__Task instructions__
Take the entries below and print, exactly, the stretch from the line containing "贵族等级V10,英雄数量12" through the line containing "Рулевой механизм - снятие", both included.

__Input for this task__

....

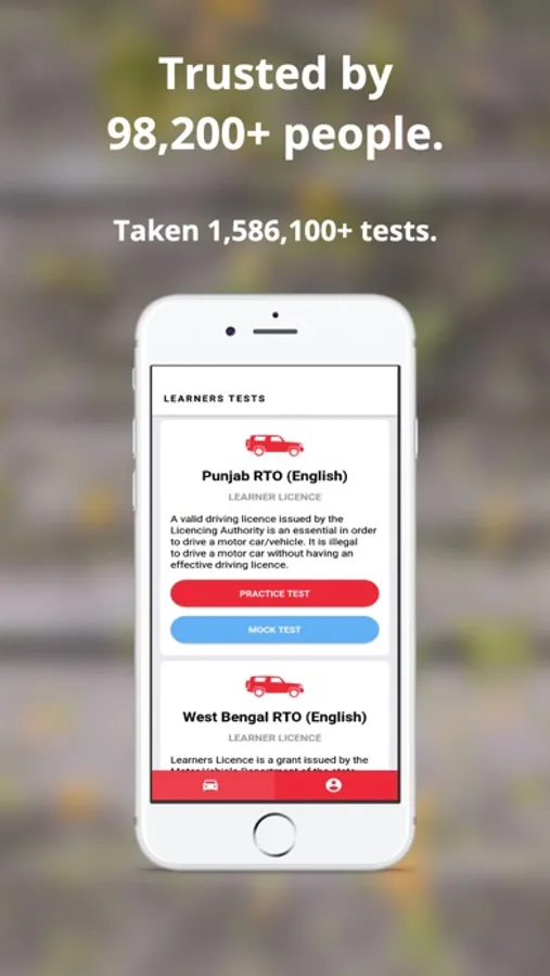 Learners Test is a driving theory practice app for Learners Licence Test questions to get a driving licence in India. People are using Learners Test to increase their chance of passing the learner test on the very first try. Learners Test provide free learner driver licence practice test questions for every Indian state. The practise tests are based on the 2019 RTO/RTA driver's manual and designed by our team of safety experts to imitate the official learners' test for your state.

....

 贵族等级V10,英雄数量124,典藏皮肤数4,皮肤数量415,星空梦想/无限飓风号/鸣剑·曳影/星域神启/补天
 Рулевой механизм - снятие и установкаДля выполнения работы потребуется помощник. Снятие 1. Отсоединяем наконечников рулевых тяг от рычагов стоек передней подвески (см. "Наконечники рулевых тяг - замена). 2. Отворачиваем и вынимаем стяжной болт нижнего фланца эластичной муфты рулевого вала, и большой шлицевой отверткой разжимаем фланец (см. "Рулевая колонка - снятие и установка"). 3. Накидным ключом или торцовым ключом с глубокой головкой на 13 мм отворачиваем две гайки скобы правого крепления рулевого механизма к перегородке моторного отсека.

....

__Written answer__
 贵族等级V10,英雄数量124,典藏皮肤数4,皮肤数量415,星空梦想/无限飓风号/鸣剑·曳影/星域神启/补天
 Рулевой механизм - снятие и установкаДля выполнения работы потребуется помощник. Снятие 1. Отсоединяем наконечников рулевых тяг от рычагов стоек передней подвески (см. "Наконечники рулевых тяг - замена). 2. Отворачиваем и вынимаем стяжной болт нижнего фланца эластичной муфты рулевого вала, и большой шлицевой отверткой разжимаем фланец (см. "Рулевая колонка - снятие и установка"). 3. Накидным ключом или торцовым ключом с глубокой головкой на 13 мм отворачиваем две гайки скобы правого крепления рулевого механизма к перегородке моторного отсека.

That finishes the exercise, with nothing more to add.